**ACTIVITY**
Reproduce every record exactly as it appears, but not the pictures.

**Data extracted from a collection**
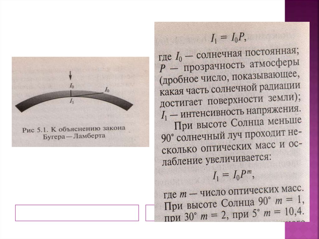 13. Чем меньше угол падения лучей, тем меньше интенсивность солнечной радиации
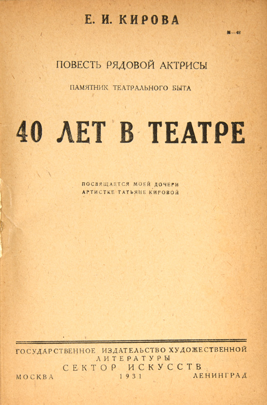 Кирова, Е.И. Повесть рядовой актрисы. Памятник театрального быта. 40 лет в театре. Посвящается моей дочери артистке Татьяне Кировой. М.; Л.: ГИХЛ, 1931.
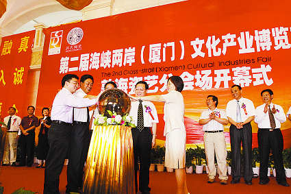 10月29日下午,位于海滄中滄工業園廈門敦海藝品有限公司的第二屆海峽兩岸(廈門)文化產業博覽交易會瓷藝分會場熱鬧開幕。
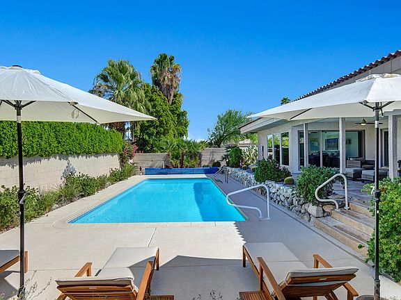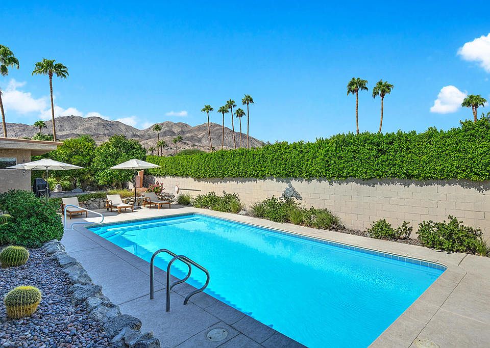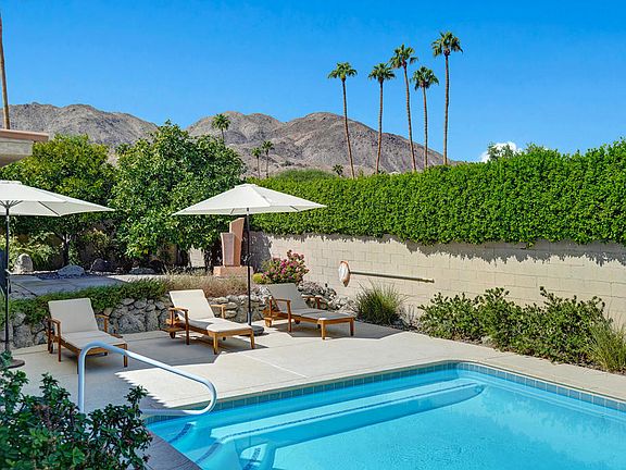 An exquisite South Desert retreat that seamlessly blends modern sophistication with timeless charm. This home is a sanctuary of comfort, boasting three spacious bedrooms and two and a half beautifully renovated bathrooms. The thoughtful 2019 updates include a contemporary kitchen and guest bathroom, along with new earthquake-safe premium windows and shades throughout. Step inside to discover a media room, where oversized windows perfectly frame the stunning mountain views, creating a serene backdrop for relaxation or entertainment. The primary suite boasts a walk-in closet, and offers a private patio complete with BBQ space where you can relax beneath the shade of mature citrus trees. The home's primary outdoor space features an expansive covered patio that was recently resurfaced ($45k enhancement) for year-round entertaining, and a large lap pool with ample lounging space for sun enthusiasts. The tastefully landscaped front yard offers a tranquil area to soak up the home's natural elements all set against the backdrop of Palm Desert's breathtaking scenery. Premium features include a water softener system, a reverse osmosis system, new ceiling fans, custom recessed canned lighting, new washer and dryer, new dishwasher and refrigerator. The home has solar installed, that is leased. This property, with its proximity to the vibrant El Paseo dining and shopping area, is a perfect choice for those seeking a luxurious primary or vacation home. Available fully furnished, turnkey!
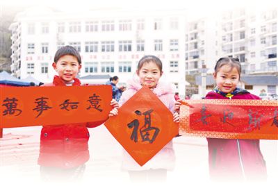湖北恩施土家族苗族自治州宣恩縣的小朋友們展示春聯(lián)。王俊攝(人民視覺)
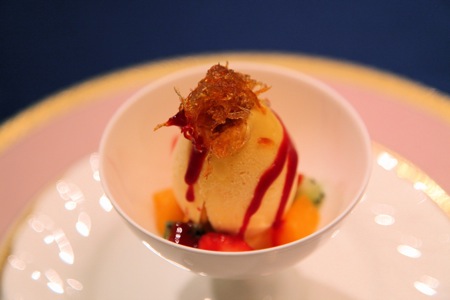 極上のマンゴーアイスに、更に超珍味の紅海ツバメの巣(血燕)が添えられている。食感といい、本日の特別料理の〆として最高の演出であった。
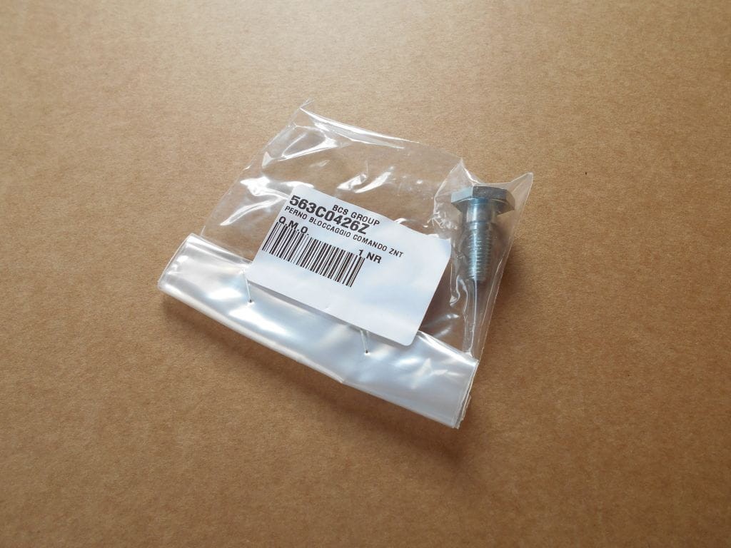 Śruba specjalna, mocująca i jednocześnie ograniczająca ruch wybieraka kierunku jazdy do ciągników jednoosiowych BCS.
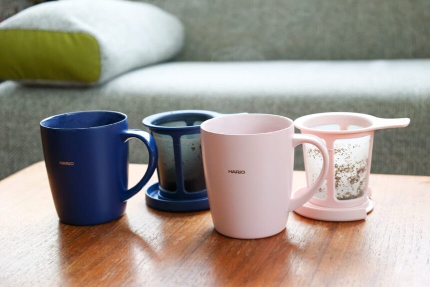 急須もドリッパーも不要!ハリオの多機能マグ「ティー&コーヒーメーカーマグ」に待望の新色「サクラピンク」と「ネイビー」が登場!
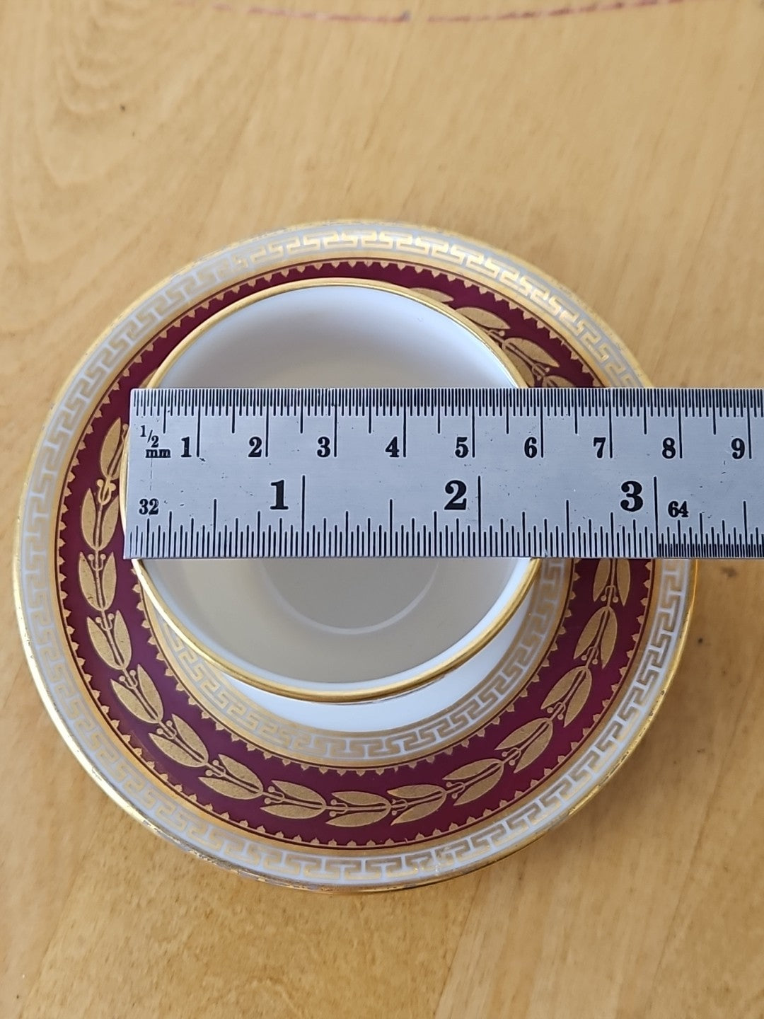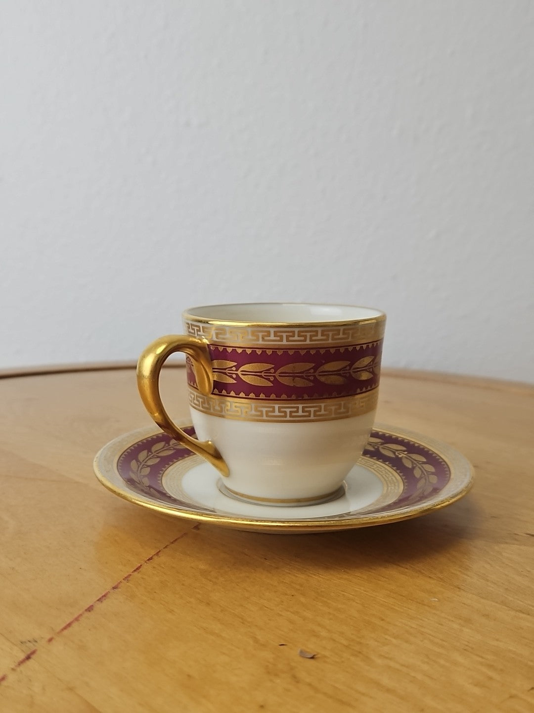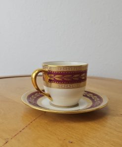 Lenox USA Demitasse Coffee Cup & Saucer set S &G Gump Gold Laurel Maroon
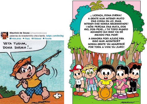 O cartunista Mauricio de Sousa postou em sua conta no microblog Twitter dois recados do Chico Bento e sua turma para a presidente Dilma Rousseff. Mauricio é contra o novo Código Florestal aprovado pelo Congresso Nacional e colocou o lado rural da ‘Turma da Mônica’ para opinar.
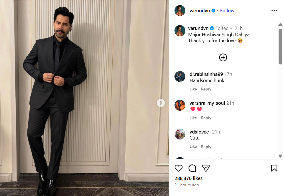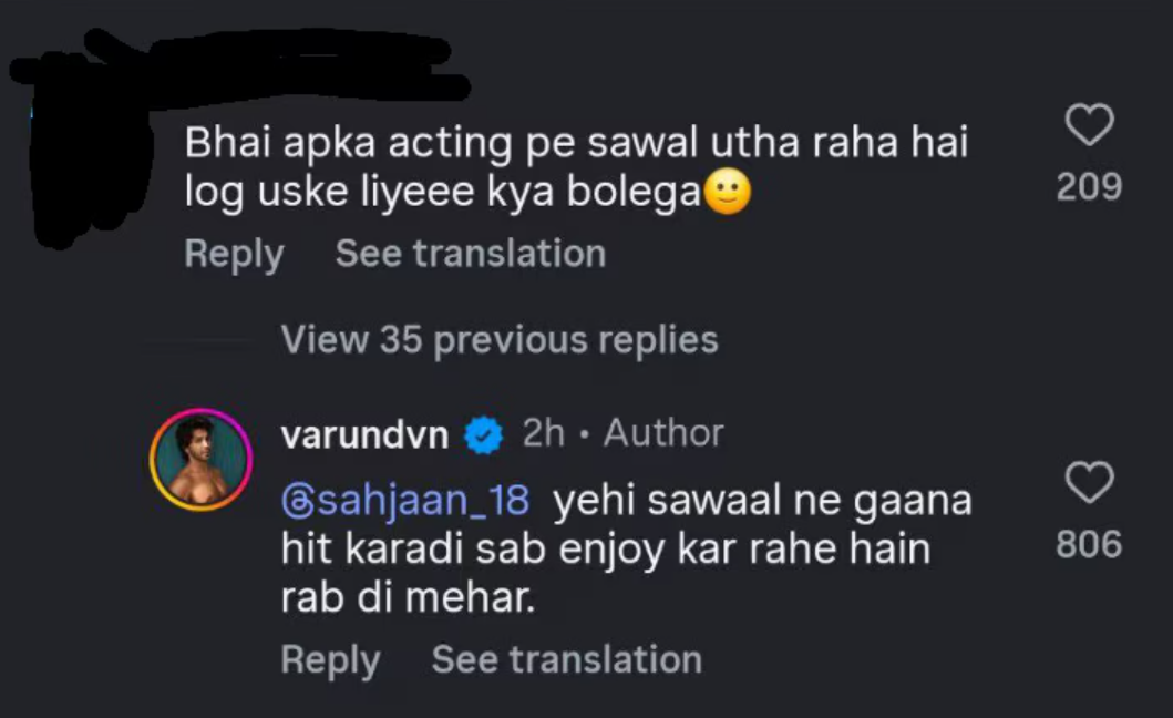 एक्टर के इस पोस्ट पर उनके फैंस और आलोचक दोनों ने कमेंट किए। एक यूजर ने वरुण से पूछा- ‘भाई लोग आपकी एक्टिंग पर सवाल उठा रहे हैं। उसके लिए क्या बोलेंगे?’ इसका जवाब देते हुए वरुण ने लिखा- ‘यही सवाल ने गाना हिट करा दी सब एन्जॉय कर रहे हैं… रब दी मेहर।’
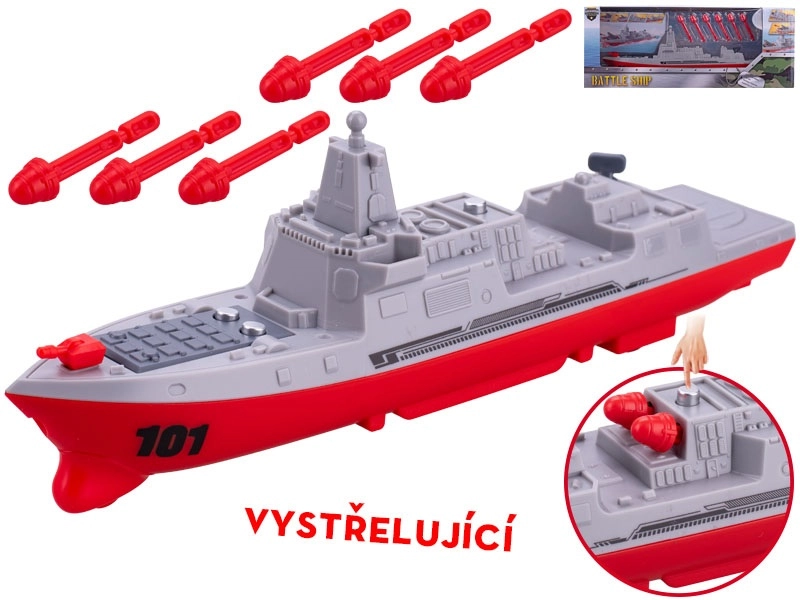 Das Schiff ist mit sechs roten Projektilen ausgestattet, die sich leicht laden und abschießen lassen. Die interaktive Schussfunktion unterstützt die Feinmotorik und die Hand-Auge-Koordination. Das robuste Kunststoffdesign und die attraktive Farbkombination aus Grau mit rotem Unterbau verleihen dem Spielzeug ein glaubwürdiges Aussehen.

**EXERCISE RESPONSE**
 13. Чем меньше угол падения лучей, тем меньше интенсивность солнечной радиации
 Кирова, Е.И. Повесть рядовой актрисы. Памятник театрального быта. 40 лет в театре. Посвящается моей дочери артистке Татьяне Кировой. М.; Л.: ГИХЛ, 1931.
 10月29日下午,位于海滄中滄工業園廈門敦海藝品有限公司的第二屆海峽兩岸(廈門)文化產業博覽交易會瓷藝分會場熱鬧開幕。
 An exquisite South Desert retreat that seamlessly blends modern sophistication with timeless charm. This home is a sanctuary of comfort, boasting three spacious bedrooms and two and a half beautifully renovated bathrooms. The thoughtful 2019 updates include a contemporary kitchen and guest bathroom, along with new earthquake-safe premium windows and shades throughout. Step inside to discover a media room, where oversized windows perfectly frame the stunning mountain views, creating a serene backdrop for relaxation or entertainment. The primary suite boasts a walk-in closet, and offers a private patio complete with BBQ space where you can relax beneath the shade of mature citrus trees. The home's primary outdoor space features an expansive covered patio that was recently resurfaced ($45k enhancement) for year-round entertaining, and a large lap pool with ample lounging space for sun enthusiasts. The tastefully landscaped front yard offers a tranquil area to soak up the home's natural elements all set against the backdrop of Palm Desert's breathtaking scenery. Premium features include a water softener system, a reverse osmosis system, new ceiling fans, custom recessed canned lighting, new washer and dryer, new dishwasher and refrigerator. The home has solar installed, that is leased. This property, with its proximity to the vibrant El Paseo dining and shopping area, is a perfect choice for those seeking a luxurious primary or vacation home. Available fully furnished, turnkey!
湖北恩施土家族苗族自治州宣恩縣的小朋友們展示春聯(lián)。王俊攝(人民視覺)
 極上のマンゴーアイスに、更に超珍味の紅海ツバメの巣(血燕)が添えられている。食感といい、本日の特別料理の〆として最高の演出であった。
 Śruba specjalna, mocująca i jednocześnie ograniczająca ruch wybieraka kierunku jazdy do ciągników jednoosiowych BCS.
 急須もドリッパーも不要!ハリオの多機能マグ「ティー&コーヒーメーカーマグ」に待望の新色「サクラピンク」と「ネイビー」が登場!
 Lenox USA Demitasse Coffee Cup & Saucer set S &G Gump Gold Laurel Maroon
 O cartunista Mauricio de Sousa postou em sua conta no microblog Twitter dois recados do Chico Bento e sua turma para a presidente Dilma Rousseff. Mauricio é contra o novo Código Florestal aprovado pelo Congresso Nacional e colocou o lado rural da ‘Turma da Mônica’ para opinar.
 एक्टर के इस पोस्ट पर उनके फैंस और आलोचक दोनों ने कमेंट किए। एक यूजर ने वरुण से पूछा- ‘भाई लोग आपकी एक्टिंग पर सवाल उठा रहे हैं। उसके लिए क्या बोलेंगे?’ इसका जवाब देते हुए वरुण ने लिखा- ‘यही सवाल ने गाना हिट करा दी सब एन्जॉय कर रहे हैं… रब दी मेहर।’
 Das Schiff ist mit sechs roten Projektilen ausgestattet, die sich leicht laden und abschießen lassen. Die interaktive Schussfunktion unterstützt die Feinmotorik und die Hand-Auge-Koordination. Das robuste Kunststoffdesign und die attraktive Farbkombination aus Grau mit rotem Unterbau verleihen dem Spielzeug ein glaubwürdiges Aussehen.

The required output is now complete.